It would be very interesting to run ocioperf before and after adding these compiler flags and see how much of a performance benefit there is. Perhaps we should be setting these flags by default?
For reference, adding a 2023-12 chat from the OCIO Slack: 2 days ago
Mark Reid Its been nagging me for a while that some of cpu tests on apple silicon have been failing. It was my suspicion its was due FMA instruction on arm64. I think I've confirmed that. If I compile OCIO with -ffp-contract=off all the cpu tests pass. this was my cmake command cmake .. -DCMAKE_BUILD_TYPE=Release -DCMAKE_C_FLAGS="-ffp-contract=off" -DCMAKE_CXX_FLAGS="-ffp-contract=off" (edited)

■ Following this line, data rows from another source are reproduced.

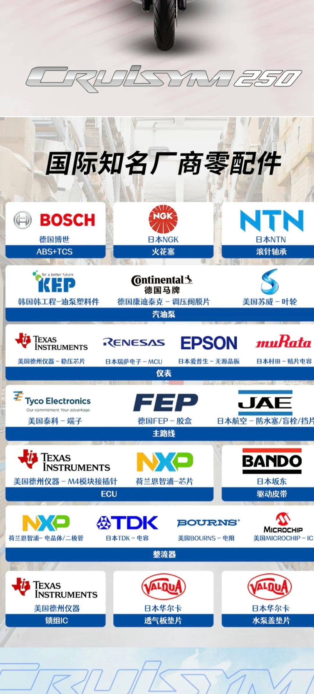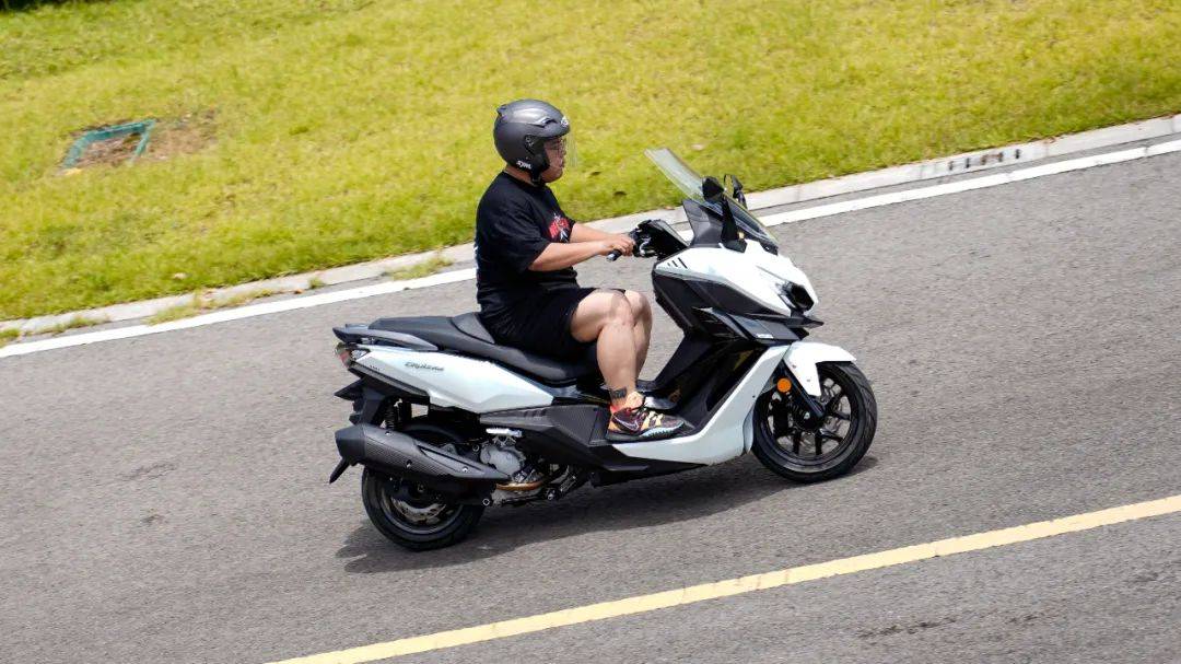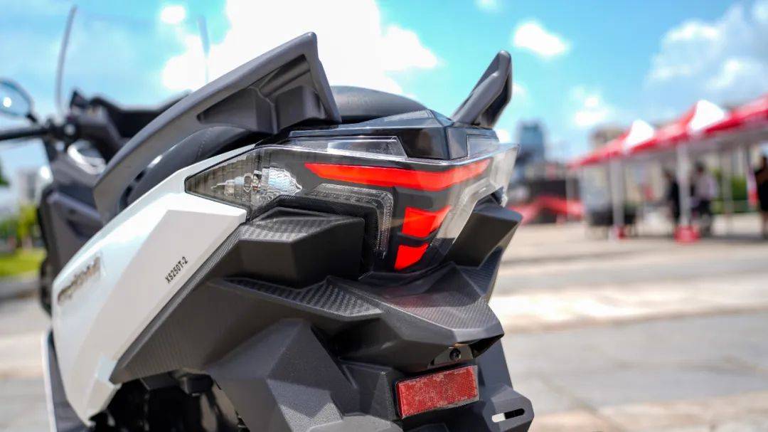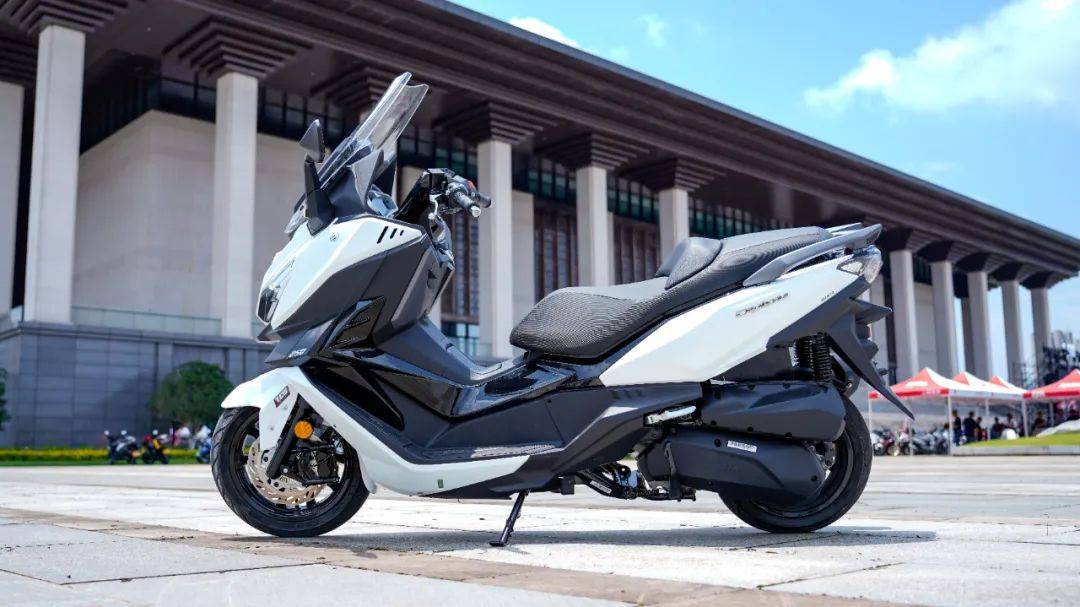 三陽首款250踏板,巡弋250在貴州遵義發(fā)布,零售價(jià)22980元,限時(shí)優(yōu)惠1000元。整車造型非常有辨識(shí)度,線條凌厲,家族化前臉設(shè)計(jì),運(yùn)動(dòng)大踏板的范兒。LED透鏡大燈,前轉(zhuǎn)向燈集成再后視鏡支架上;新設(shè)計(jì)的尾燈,采用三段式箭頭LED燈組,尾燈面積提升40%,加上熔巖燈腔式設(shè)計(jì),更有效警示后方車輛。超大的前風(fēng)擋,可以上下兩檔安裝(需擰螺絲),目測(cè)風(fēng)擋高度足夠,長途摩旅無須改裝風(fēng)擋。超大前手套箱,可容納一瓶普通純凈水加小瓶純凈水,內(nèi)有USB和TYPE-C雙充電接口。右邊為電池倉,擰開螺絲就可以直接拆裝電池,終于不用拆車殼裝電池了。全彩液晶儀表,無鑰匙啟動(dòng)系統(tǒng),12升中置油箱。尤其值得一提的是座桶空間高達(dá)45升,可容納2頂全盔(其中一頂要小一點(diǎn)),這應(yīng)該是目前250踏板中座桶容積最大的。三陽全新研發(fā)的水冷四氣門250引擎,采用航鈦陶瓷汽缸,更耐磨耐高溫,油耗更經(jīng)濟(jì),最大功率18.1KW/8000rpm,24N.m/6000rpm,優(yōu)化CVT 傳動(dòng)系統(tǒng),加速線性。賬面參數(shù)上,巡弋250要比光陽賽艇S250的17.2kw/7500rpm,23.6N.m/6000rpm略大一點(diǎn),191的整備質(zhì)量也比光陽小1公斤,可以預(yù)見其提速性能相當(dāng)強(qiáng)勁。前對(duì)向四活塞卡鉗,配260mm大直徑剎盤,后單向雙活塞卡鉗配240mm剎盤,組合雙通道博世ABS,以及博世TCS系統(tǒng),安全配置一步到位。后五段預(yù)載可調(diào)雙彈簧減震,前正立式套筒減震,帶防塵套。同時(shí)水冷器在車輛正前方,騎行時(shí)直面正面氣流,帶來更好的散熱效果。全車大量采用名牌零部件。座桶相當(dāng)友好,實(shí)測(cè)165身高男士可以半腳掌著地,172身高可以全腳掌著地?,F(xiàn)場(chǎng)簡(jiǎn)單試駕后,最大感受就是起步平順絲滑,提速感較強(qiáng)且平順,震動(dòng)抑制優(yōu)秀。
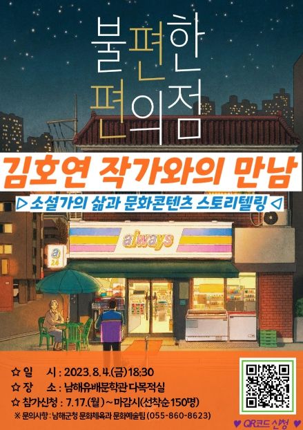 참가희망자는 7월 17일부터 남해군청 누리집 새소식에서 QR코드를 통해 신청서를 제출하면 되고, 선착순 150명에 한해 입장이 가능하다. 그리고 신청자 중선착순 40명은 당일 작가 사인회도 참석할 수 있다.
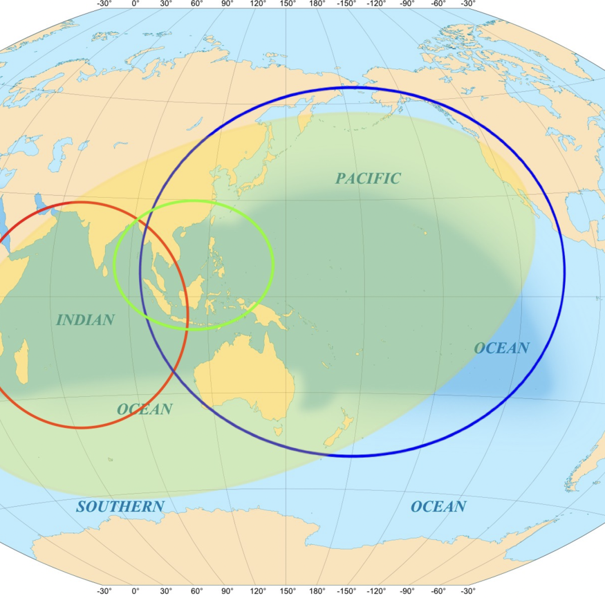Red circle/oval roughly depicts the Indian Ocean region. Blue circle/oval covers the Pacific region. Green oval covers ASEAN. Yellow overlay covers the Indo Pacific.

doug walker That's interesting that the CPU tests are failing for you. On my Macbook Pro (M1 Pro chip), they succeed, with the default settings. What chip are you using?
Mark Reid A few have always failed for me with the default settings. I'm on on a M2 Max with clang 15.0.
Mark Reid interesting looks like it could be a change in defaults between clang versions if your using a older version https://godbolt.org/z/sj5ofs5h4 (edited)
godbolt.orggodbolt.org Compiler Explorer - C float bar(float x, float y, float z) { return x * y + z; }
doug walker Well, I used clang 14, which your test seems to indicate uses fmadd. Nevertheless, I do think you're right, it's probably more likely to be a compiler issue than an M1/M2 difference.
Linking to issue #1784.
#1950 might have resolved this issue. It fixes a few unit test failures related to FMA on apple silicon.